WHAT YOU ARE ASKED TO DO:
Only the lines below from the one containing "всю бутылку. Вырезаем" to the one containing "- .kdb、.kdbx ファイル(バージョン1から4)に対応。AES、Twofish、ChaCha20、Argon2" should be repeated, both included and unchanged.

GIVEN DATA:
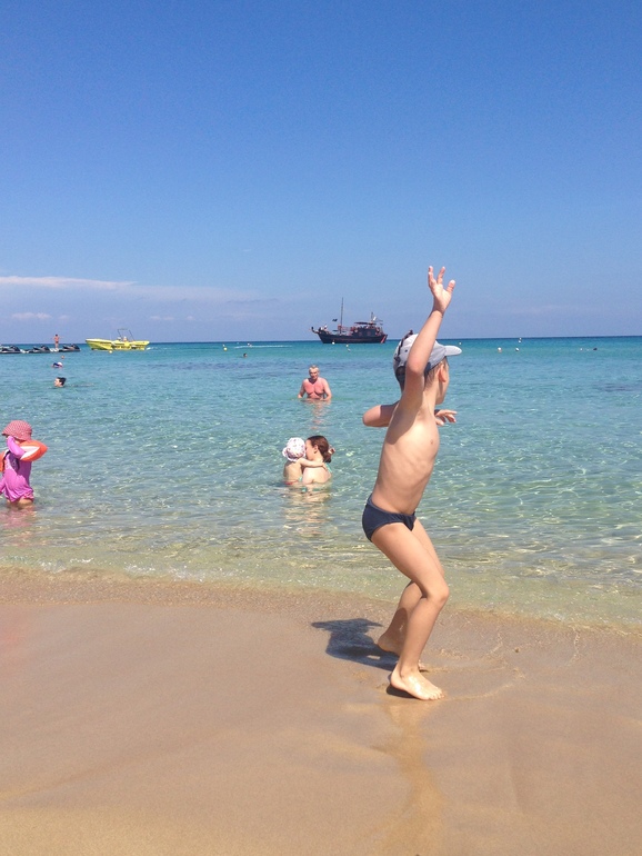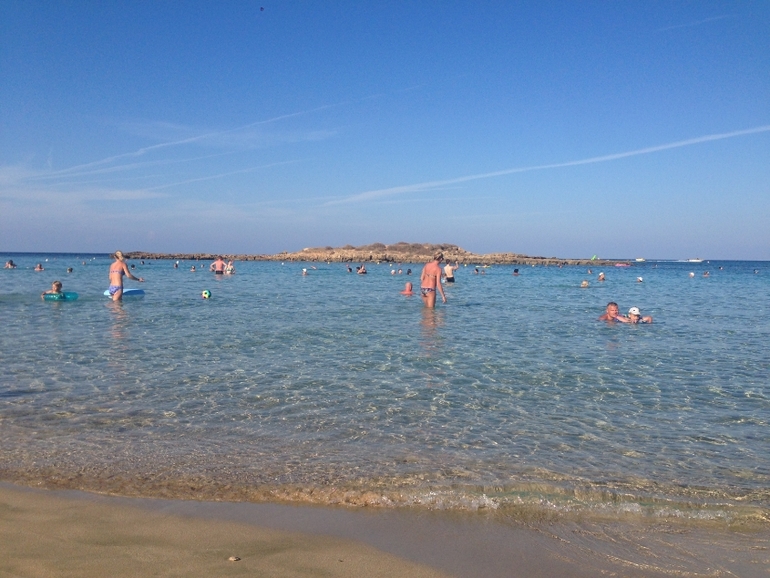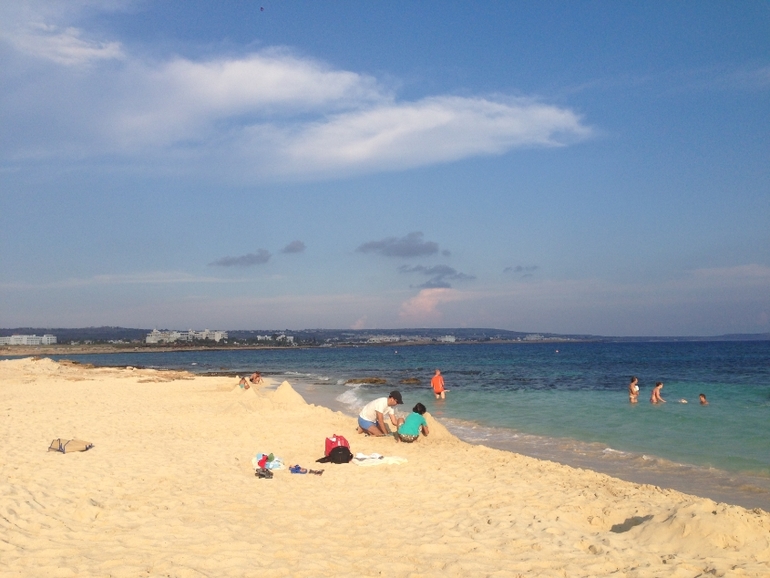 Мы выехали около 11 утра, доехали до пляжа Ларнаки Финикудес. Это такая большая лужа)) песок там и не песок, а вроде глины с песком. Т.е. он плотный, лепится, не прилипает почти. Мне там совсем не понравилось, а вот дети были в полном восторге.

* * *

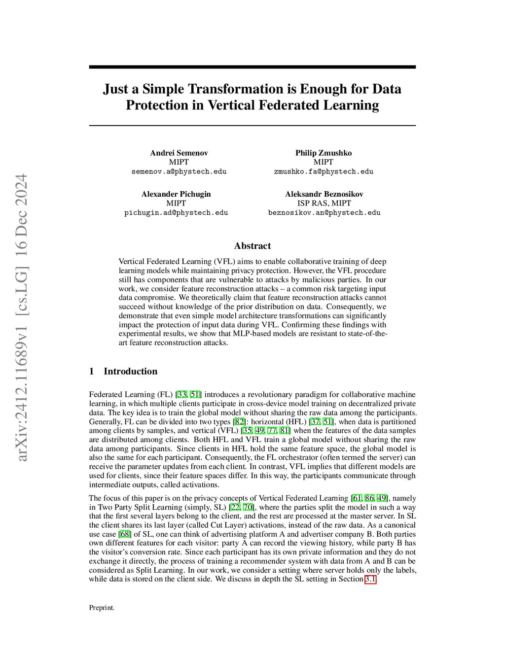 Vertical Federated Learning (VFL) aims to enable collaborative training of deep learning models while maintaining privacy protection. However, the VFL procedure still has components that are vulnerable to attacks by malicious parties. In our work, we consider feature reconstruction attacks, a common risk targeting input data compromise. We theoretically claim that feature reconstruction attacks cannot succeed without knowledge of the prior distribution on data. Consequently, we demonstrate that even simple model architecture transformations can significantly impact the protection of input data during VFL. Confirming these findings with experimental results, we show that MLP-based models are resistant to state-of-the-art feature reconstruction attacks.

...

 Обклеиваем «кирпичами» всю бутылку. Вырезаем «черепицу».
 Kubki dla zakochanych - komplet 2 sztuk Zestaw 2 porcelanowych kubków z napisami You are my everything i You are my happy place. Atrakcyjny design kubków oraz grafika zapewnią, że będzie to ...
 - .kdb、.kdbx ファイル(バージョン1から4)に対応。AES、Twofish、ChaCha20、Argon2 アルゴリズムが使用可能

TASK RESULT:
 Обклеиваем «кирпичами» всю бутылку. Вырезаем «черепицу».
 Kubki dla zakochanych - komplet 2 sztuk Zestaw 2 porcelanowych kubków z napisami You are my everything i You are my happy place. Atrakcyjny design kubków oraz grafika zapewnią, że będzie to ...
 - .kdb、.kdbx ファイル(バージョン1から4)に対応。AES、Twofish、ChaCha20、Argon2 アルゴリズムが使用可能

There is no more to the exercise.